Protecting patient privacy is of the utmost importance both during, and after the completion of, a clinical trial. To address this, data custodians apply de-identification methods to large datasets to help protect the anonymity of patients during data analysis.
A recent study – published Cancer Epidemiology, Biomarkers & Prevention, a journal of the American Association for Cancer Research – looked at two de-identification methods known as k-anonymization and adding a “fuzzy factor.” They found that these methods were successful at reducing the risk of an individual patient’s identity being deduced from the data.
“Researchers typically get access to de-identified data, that is, data without any personal identifying information, such as names, addresses, and Social Security numbers,” said Dr. Giske Ursin, director of Cancer Registry of Norway, Institute of Population-based Research. “However, this may not be sufficient to protect the privacy of individuals participating in a research study.”
Health data shared with clinical researchers during a study can include information on diagnoses, medications they might be taking and family histories of disease. This data is just as sensitive as personal identifying information, and should be protected in the same manner.
“People who have the permission to access such datasets have to abide by the laws and ethical guidelines, but there is always this concern that the data might fall into the wrong hands and be misused,” said Ursin. “As a data custodian, that’s my worst nightmare.”
Using data composed of over five million records collected from around 900,000 women who participated in the Norwegian Cervical Cancer Screening Program, Ursin and her colleagues tested the effectiveness of the two de-identification techniques. Based on the assumption that a hacker would know that personal information about an individual was included in the dataset, the researchers used a tool called ARX to calculate the risk of re-identification.
The researchers created three different datasets during their study: D1 contained original patient data; D2 was de-identified using the k-anonymization method by changing all the dates to the 15th of that month; D3 was “fuzzied” by randomly adding or subtracting one to four months from each record.
These date-changing methods are designed to prevent someone from being able to re-identify individuals in a study, however trial investigators are still able to make use of the data because they know the intervals between procedure dates. “We found that changing the dates using the standard procedure of k-anonymization drastically reduced the chances of re-identifying most individuals in the dataset,” said Ursin.
Patients in the D1 data set had an average 97.1 percent risk of being re-identified by a hacker.
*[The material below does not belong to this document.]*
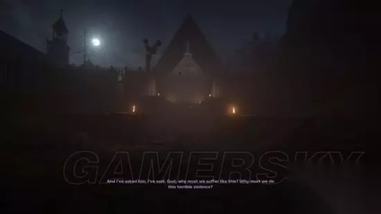 step11.这时候Blake就可以轻松从村民身旁经过,并且一路前往一座教堂前,从左侧木栏破洞位置进入到教堂内。 打开教堂走廊右侧的门,可以找到一份文件(4/6)。 然后将木门打开,进入到地窖。

In comparison, for those in D2 and D3, the risk of re-identification for patient records dropped to 9.7 and 9.8, respectively. This result indicated that the de-identification methods were successful at protecting patient data.
“Every time a research group requests permission to access a dataset, data custodians should ask the question, ‘What information do they really need and what are the details that are not required to answer their research question,’ and make every effort to collapse and fuzzy the data to ensure protection of patients’ privacy,” said Ursin. “However, given the recent trend in sharing data and combining datasets for big-data analyses – which is a good development – there is always a chance of information falling into the hands of someone with malicious intent. Data custodians are, therefore, rightly concerned about potential future challenges and continue to test preventive measures.”